The Daily Dish

The Inflation Reduction Act

It is never safe to vacation when Congress is in session; you never know when an IRA will rear its ugly head. No, not the Irish Republican Army, nor an Individual Retirement Account. Instead, Senator Manchin and Majority Leader Schumer shocked the policy world last week with the hilariously named Inflation Reduction Act (IRA).

The IRA is an attempt to take elements of the stale, rejected House-passed Build Back Better Act reconciliation bill and rebrand them with a more appealing, modern title. Kind of like when I describe my Twizzlers as “dope.” So, to get past the labels, let us be very clear: The IRA will not reduce inflation. In fact, no single piece of legislation will do that. What matters, instead, is the overall tax-and-spend (fiscal) policy of Congress. As Gordon Gray nicely documents, the two big items Congress is trying to pass are the CHIPS Act and the IRA. Combined, they would raise taxes by about $830 billion and increase spending by $515 billion, yielding $315 billion in deficit reduction. That sounds anti-inflation-y.

Nice try. A closer look reveals the bills would not begin to materially reduce the deficit until 2028 – that is, six years from now.
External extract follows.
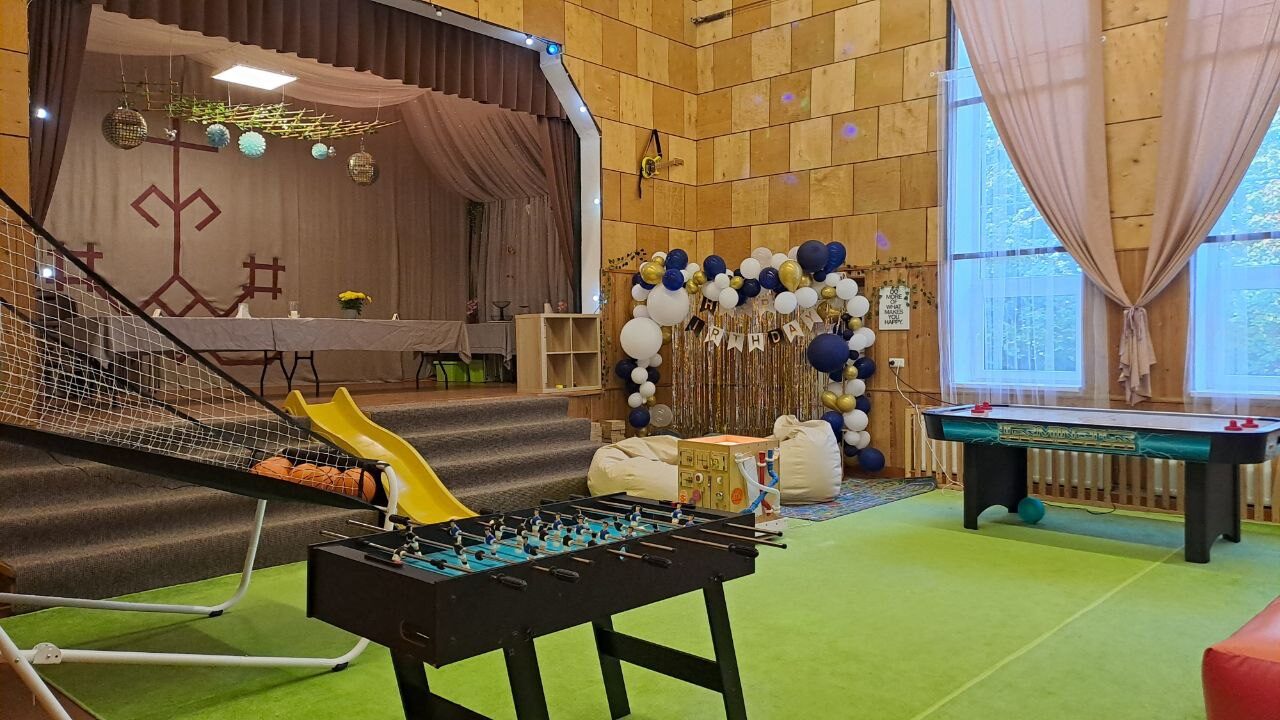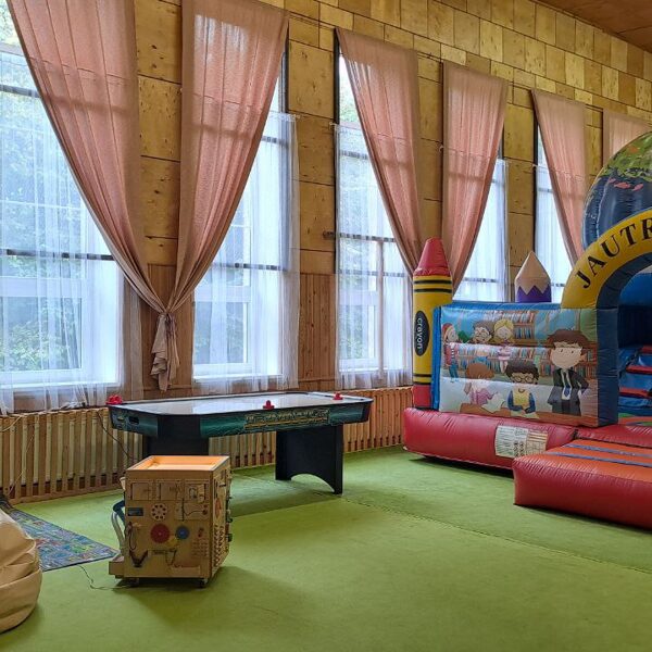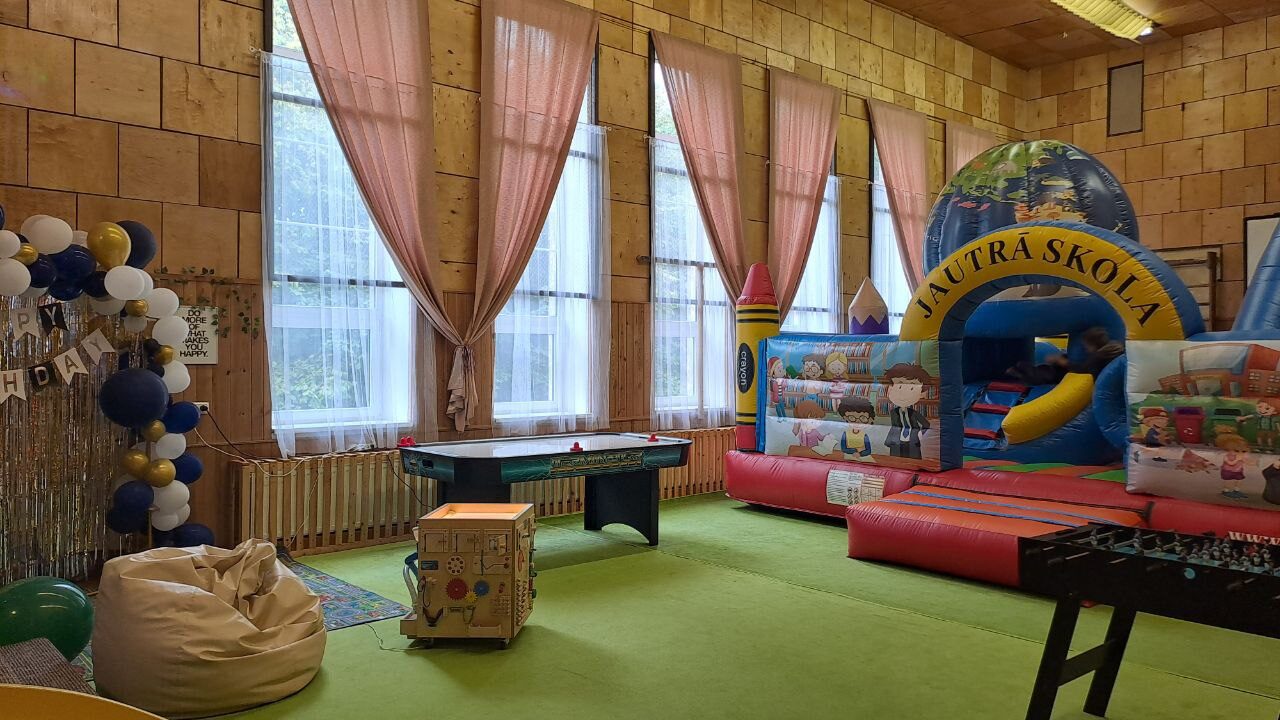 Esam iekārtojuši svinību telpas privātām bērnu ballītēm dažu minūšu braucienā no Saldus centra! Platība vairāk par 150m² Bērniem pieejama piepūšamā atrakcija, galda spēles, attīstošais kubs, bumbas, basketbola grozi, jaudīga mūzikas sistēma, u.c.

If the Federal Reserve has not brought inflation back to its 2 percent target in six years, America will get to see why I stay in cash, always carry my passport, and am prepared to rename AAF the Americans Abroad Forum. But I digress. The basic point is that Congress is up to its old tricks of spend now and promise to pay later. It is inflationary and not the reverse.

Underneath these top lines are remnants of the Build Back Better Act’s flawed policy foundations. There is the 15 percent tax based on book income, something that is simply the worst tax idea on the table (and that is a serious competition) and was tried and failed the last time we had high inflation and a cold war. It includes the flawed prescription drug and health insurance provisions, and hundreds of billions of dollars of tax-based subsidies to various things “green” that do not add up to a coherent climate strategy. In short, the IRA is a bad tax bill, a bad health bill, a bad climate bill, and an inflation reduction failure.

It raises the fundamental question: If this bill is transparently not in the interests of Americans and the economy, who is it intended to help?

Disclaimer

Fact of the Day

Across all rulemakings this past week, agencies published $17.2 million in total net costs but cut 110,586 annual paperwork burden hours.